Exercise objective: Beginning with the line that contains "Lot 1326: Paar", retype the entries below exactly, ending with the line that contains "我有两张科学电影的票。你想和我一起去吗?太好了!谢谢你,叔叔!". Leave out any pictures.

┌─ Available records

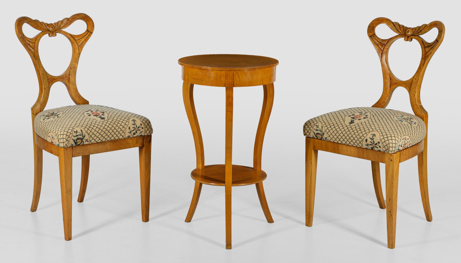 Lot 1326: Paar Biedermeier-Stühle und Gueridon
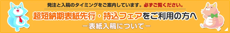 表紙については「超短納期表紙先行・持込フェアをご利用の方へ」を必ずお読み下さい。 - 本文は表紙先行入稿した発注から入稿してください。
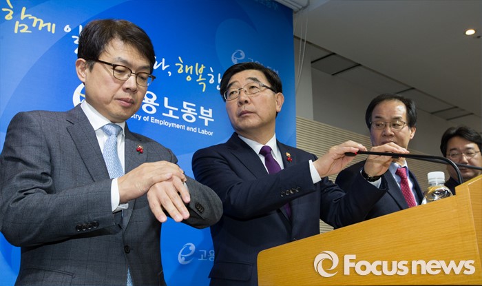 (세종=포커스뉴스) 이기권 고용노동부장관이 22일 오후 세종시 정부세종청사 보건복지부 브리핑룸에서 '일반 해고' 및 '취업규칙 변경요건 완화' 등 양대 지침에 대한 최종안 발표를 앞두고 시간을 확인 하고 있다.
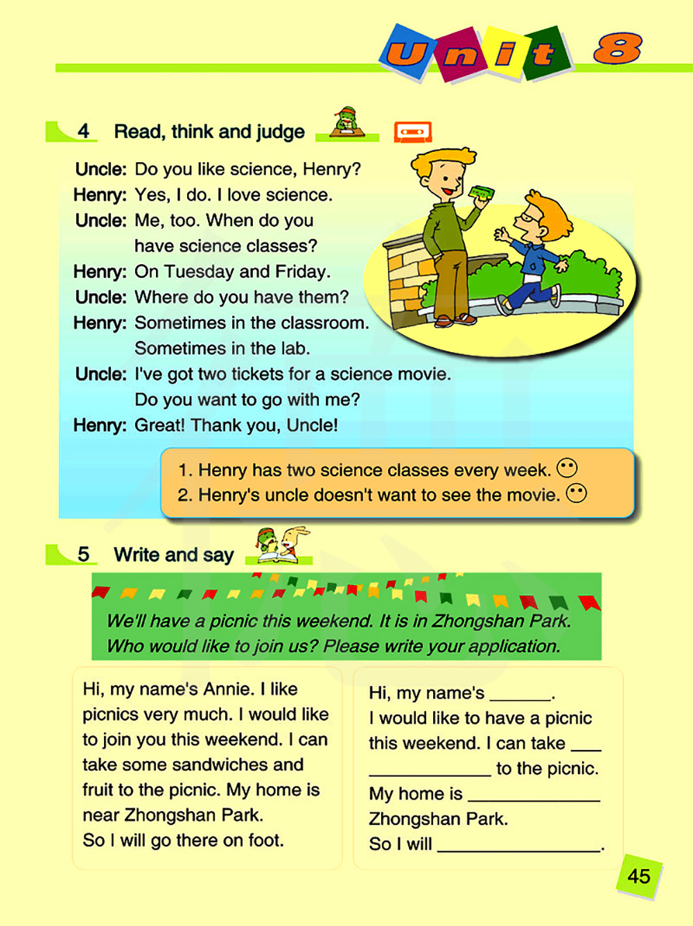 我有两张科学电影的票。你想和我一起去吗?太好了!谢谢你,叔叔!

└─
┌─ Available records

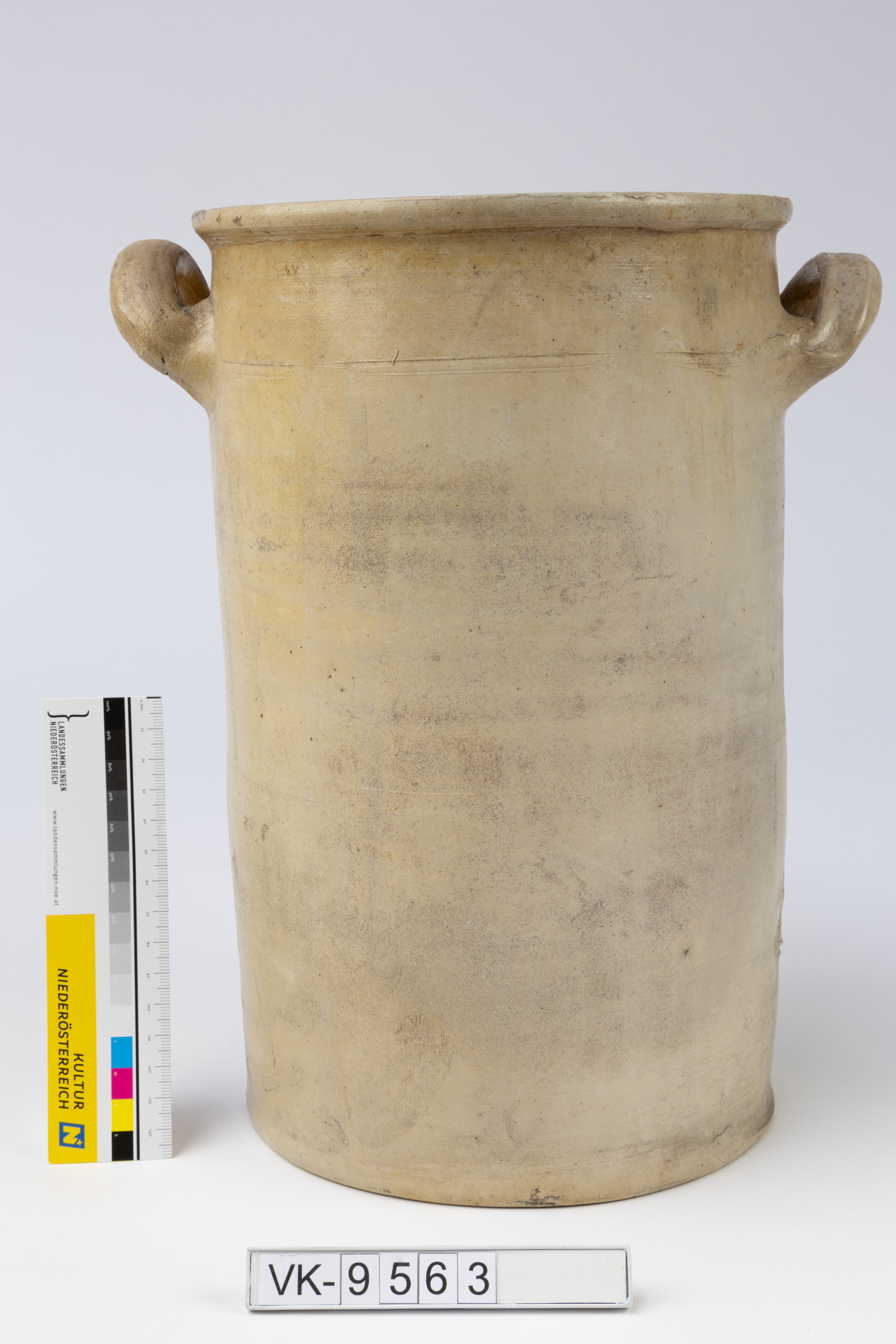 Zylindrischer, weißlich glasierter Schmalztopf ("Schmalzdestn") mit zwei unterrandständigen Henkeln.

└─

Exercise response:
 Lot 1326: Paar Biedermeier-Stühle und Gueridon
 表紙については「超短納期表紙先行・持込フェアをご利用の方へ」を必ずお読み下さい。 - 本文は表紙先行入稿した発注から入稿してください。
 (세종=포커스뉴스) 이기권 고용노동부장관이 22일 오후 세종시 정부세종청사 보건복지부 브리핑룸에서 '일반 해고' 및 '취업규칙 변경요건 완화' 등 양대 지침에 대한 최종안 발표를 앞두고 시간을 확인 하고 있다.
 我有两张科学电影的票。你想和我一起去吗?太好了!谢谢你,叔叔!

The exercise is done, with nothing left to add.